Traditional hand-forged nails feature a gently tapering shank with four sharp edges. When driven into timber they part the fibres without splitting them, allowing the fibres to close back around the nail, producing a very fast fixing, four edges allowing a much greater grip through increased friction. Additionally, as hand forged iron is very ductile, the nail will often follow the grain through the wood, sometimes bending round to form an arced clench inside the timber, making the fixing extremely tight. Modern wire nails will often split the grain, especially if they are round rather than oval, offering less holding power.

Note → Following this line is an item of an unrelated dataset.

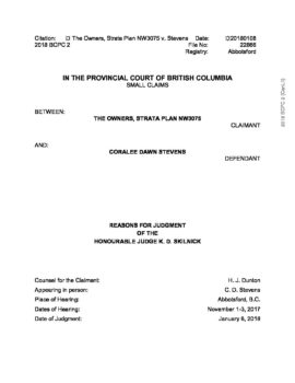 The Owners, Strata Plan NW3075 v. Stevens (BC Small Claims Court) January 1, 2018

Due to its low carbon content, wrought iron does not corrode easily but the beating it undergoes during the forging process increases its density thereby making it more water resistant and even less prone to corrosion. Traditional wrought iron is now difficult to obtain so modern day blacksmiths use mild steel, which has a higher carbon content. However there is a wide variety of coatings and finishes available providing not only a pleasing visual alternative to traditional iron nails but also allows them to be used in a wide range of applications both inside and more importantly, outside in the elements.
Hand-forged rosehead nails provide a decorative yet, because of the superior holding power they afford, totally functional alternative to mass-produced wire nails. In many cases they are better than the modern alternative as hand-forging allows a limitless number of bespoke designs to be produced so there’s no need to restrict their use to restoration work or architectural decoration.